When does liver dysfunction associated with sodium valproate usually occur and what is it also further associated with?

Answer 97

Usually occurs in the first 6 months of therapy. Often associated with multiple antiepileptic therapy.

Question 98

Raised liver enzymes when using sodium valproate are usually transient however for how long should LFTs be performed?

Answer 98

Every 6 months until liver function returns to normal.

Question 99

When should sodium valproate treatment be immediately discontinued?

Answer 99

If abnormally prolonged prothrombin time persists or if signs of toxicity present (persistent vomiting and abdominal pain, jaundice, loss of seizure control).

Question 100

What visual disturbance may patients with secondary angle-closure glaucoma experience when taking topiramate?
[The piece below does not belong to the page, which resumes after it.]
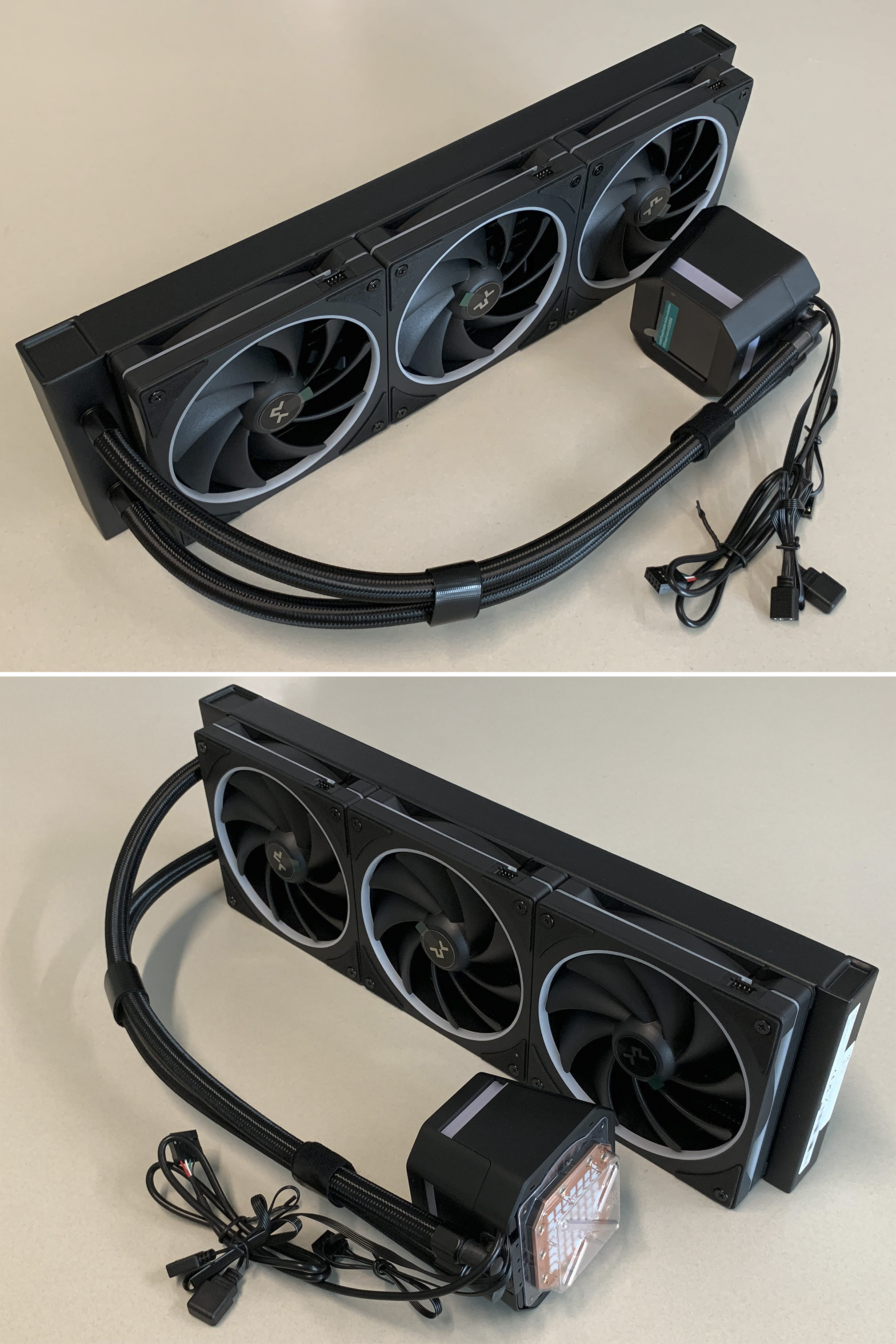 라디에이터와 팬이 결합되어 있어서, 쿨링 팬을 조립하는 과정없이 조립이 간편합니다. 3개의 쿨링팬은 패키지에 포함된 하나의 케이블에 연결하여 케이블 정리가 단조로워 깔끔하게 정돈할 수 있습니다.

When does this typically occur?

Answer 100

Acute myopia (short sightedness), typically occurring within one month of starting treatment. Fluid build-up resulting in anterior displacement of the lens and iris have also been reported.

Question 101

If raised intra-ocular pressure occurs when a patient is taking topiramate, what course of action should be taken?

Answer 101

Seek specialist ophthalmological advice, use appropriate measures to reduce intra-ocular pressure, stop topiramate as rapidly as feasible.

Question 102

Visual problems associated with use of vigabatrin usually occur when?

Answer 102

From one month to several years after starting treatment.

Question 103

What may happen to the visual disturbances seen with vigabatrin use when the drug is discontinued?

Answer 103

They usually persist and further deterioration cannot be ruled out.

Question 104

What monitoring is required when a patient is taking vigabatrin?

Answer 104

Visual feild testing before treatment and at 6-monthly intervals.

Question 105

If a patient taking vigabatrin reports new visual symptoms, what course of action should be taken?

Answer 105

Symptoms must be reported and the patient should be reviewed by an ophthalmologist urgently. Gradual withdrawal of vigabatrin should be considered.

Question 106

When should benzodiazepines be administered for anaesthesia?

Answer 106

Only by or under the supervision of experienced personnel with adequate training in anaesthesia and airway management.